Materials and Methods

The study protocol was reviewed and approved by the Institutional Animal Care and Use Committee of Sichuan Agricultural University (Ya’an, Sichuan, China) and complied with the current laws on animal protection (Ethical Approval Code: SCAUAC201408-3)[4].

The animals and sample collection

A total of 36 LY (Landrace × Yorkshire) sows (7–9 parity) with similar backfat were selected from a research farm at the Sichuan Agricultural University. During pregnancy, the sows were randomly assigned to one of the following diets: a diet containing 3.40 Mcal of digestible energy per kilogram (CON group) or a low-energy diet containing 3.00 Mcal of digestible energy per kilogram (LE group). The sows were fed these diets at 2.2 kg/d during early pregnancy (1–30 d of gestation), 2.4 kg/d during mid-pregnancy (31–90 d), and 2.8 kg/d during late pregnancy (91 d to parturition). After farrowing, all the sows were fed the same diet in accordance with NRC 2012[4]. A total of 15 healthy offspring boars were selected from the CON or LE groups, and both groups were fed the same basic boar diet (Ref. NRC2012) until 120 d. Testes of offspring boars were collected at 0, 28, and 120 d after birth from different litters by castration, parts of the testes were frozen for RNA extraction. Others were fixed in a 4% formaldehyde solution for histological and morphological analyses.

Light microscopy

The methods of making slices were based on the protocol proposed by Ding[50]. First, five testicular samples of different ages per group were fixed in 4% formaldehyde solution. Each sample was dehydrated, cleared, and sectioned. Then, the cross-section was stained with HE, and photographed using Nikon Eclipse TS100 biomicroscope. Only round seminiferous tubule sections were selected for counting. The diameters of each cross-section were measured using the Image Pro-Plus software at 200 × magnification in 10 randomly selected visual fields. The numbers of Leydig[51,52], germ, and Sertoli cells[13,53] were also determined in 10 visual fields at 200 × magnification at each cross-section. Daily sperm production counts were estimated by a histometric method based on round spermatids[54,55].

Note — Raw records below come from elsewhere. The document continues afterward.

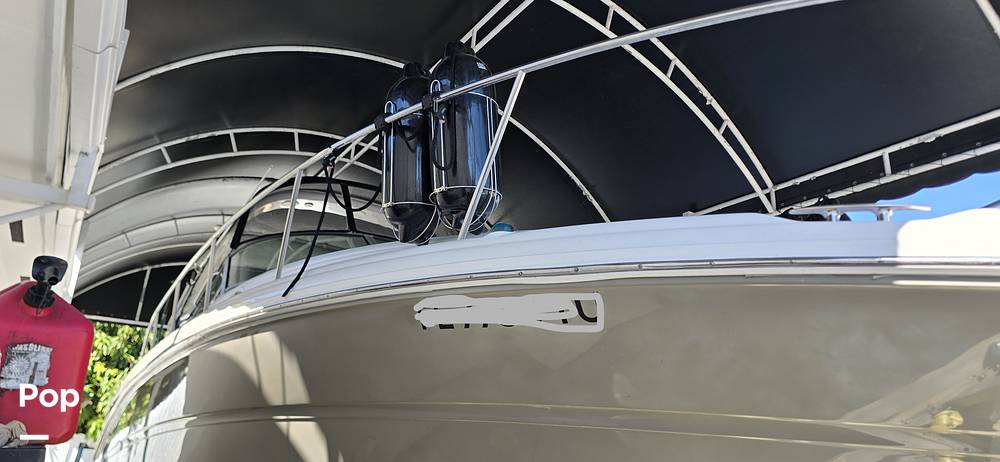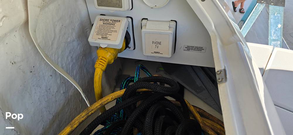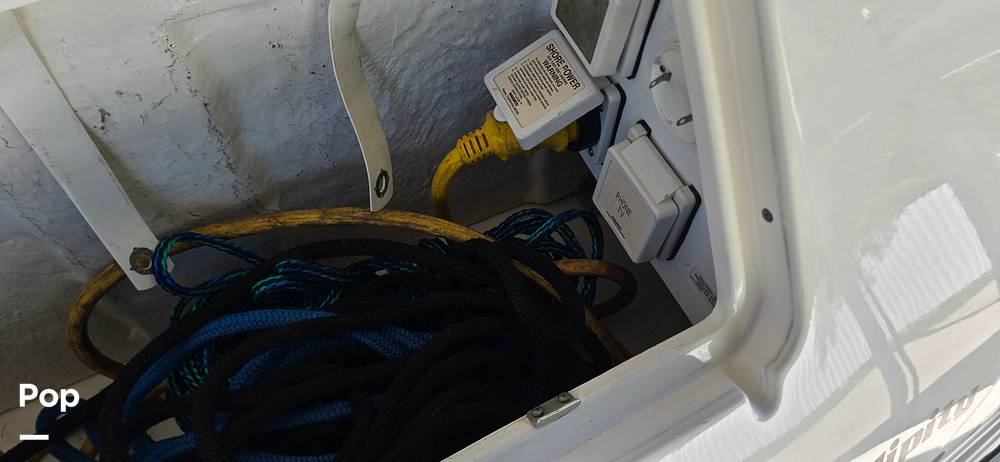 Reverse cycle heat and air, full camper canvas, Bimini tops, and cockpit cover. The cockpit has a wet bar and refrigerator. Windlass anchor, remote control spotlight, fender racks, transom shower, both bow and cockpit sun pads. The enclosed head has a Vaculas head, sink, and shower. Clarion stereo with CD changer, HDTV, 2 DVD players. The galley has a 2 burner cook top, sink, microwave, refrigerator, cherry cabinets and Corian counter tops.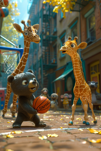Baby bear and baby giraffe dribbling basketball in giant’s playground, oversized toys, ground-level view, bright primary colors, cartoon style --no logos or branding --v 6.0 --stylize 600 --ar 2:3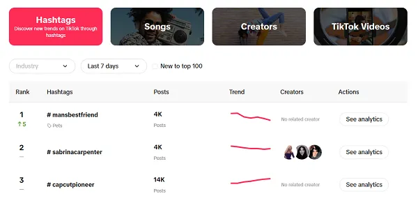 Dùng công cụ xu hướng của TikTok để xem hashtag theo ngành, loại nội dung + creator/trend nào đang lên. Từ đó định hướng ý tưởng sáng tạo và style video để phù hợp với nhóm tuổi trẻ.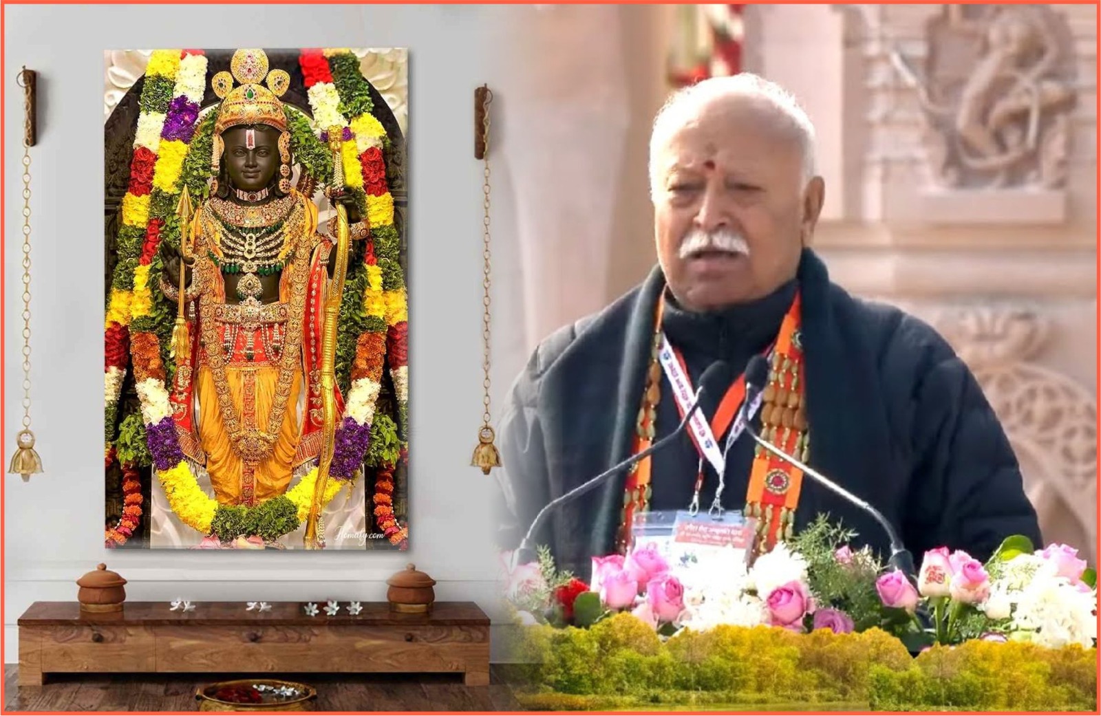 अयोध्या में 22 जनवरी 2024 को भगवान रामलला के प्राण प्रतिष्ठा समारोह में राष्ट्रीय स्वयंसेवक संघ के सरसंघचालक डॉ. मोहन भागवत जी ने अपने संबोधन में कहा कि यह आनंद शब्दों में वर्णनातीत है और उसके वर्णन करने का प्रयास इसके पहले के वक्तव्यों में अच्छा हो गया। यह भी बता दिया गया है और हम जानते भी हैं कि आज अयोध्या में रामलला के साथ भारत का स्व लौट आया है। और संपूर्ण विश्व को त्रासदी से राहत देने वाला एक नया भारत खड़ा होकर रहेगा। इसका प्रतीक यह कार्यक्रम बन गया है। ऐसे समय में आपके उत्साह का, आपके आनंद का वर्णन कोई नहीं कर सकता। हम यहां पर अनुभव कर रहे हैं कि देशभर में भी यही वातावरण है। छोटे-छोटे मंदिर के सामने दूरदर्शन पर इस कार्यक्रम को सुनने वाले हमारे समाज के करोड़ों बंधु वहां पहुंच ना पाए ऐसे घर-घर के हमारे नागरिक, सज्जन, माता, भगिनी सब भावविभोर हैं। सब में आनंद है सब में उत्साह है और ऐसे समय में जोश की बातों में थोड़ी सी होश की बात करने का काम मुझे ही दिया जाता है। आज हमने सुना कि इस प्राण प्रतिष्ठा महोत्सव में पधारने के पूर्व प्रधानमंत्री जी ने कठोर व्रत रखा। जितना कठोर व्रत रखने को कहा था उससे कई गुना अधिक कठोर व्रताचरण उन्होंने किया।

Immunohistochemical analysis

Testes sections from the LE and CON groups were deparaffinized with xylene and ethanol solutions. The slices were recovered with EDTA-containing antigen retrieval buffer (pH 9.0) and blocked for 25 min with a 3% hydrogen peroxide solution (hydrogen peroxide: pure water at 1:9, v/v). Subsequently, the slices were blocked with 3% BSA or 10% rabbit serum, and incubated for 12 h with a primary antibody: anti-PCNA (D120014; Shanghai, Sangon Biotech). Next, the sections were washed with PBS and incubated with a secondary antibody (D120014; Shanghai, Sangon Biotech) for 50 min. The slides were cleaned three times with PBS (pH7.4) for 5 minutes (per wash). After drying the slices, a freshly prepared DAB coloring solution was added dropwise, and the brown-yellow stained slides were then counterstained with hematoxylin and photographed under a microscope (Nikon Eclipse TI-SR).

TUNEL assay

First, the paraffin sections were deparaffinized with xylene and ethanol, respectively, pretreated with a proteinase K working solution (proteinase K stock solution diluted with PBS 1:9), and incubated with TdT and dUTP (TdT: dUTP = 2:29; Roche, 11684817910) for 2 h at 37 °C. Then, endogenous peroxidase in the slides was blocked with a 3% hydrogen peroxide solution (hydrogen peroxide: methanol = 1:9, v/v), and the slides were covered in converter-POD (Roche, 11684817910) and incubated at 37 °C for 30 min. After the slides were washed with PBS, freshly prepared DAB (DAKO, K5007) coloring solution was added dropwise, and slides with brown-yellow staining were then counterstained with hematoxylin and photographed under the microscope (Nikon Eclipse TI-SR).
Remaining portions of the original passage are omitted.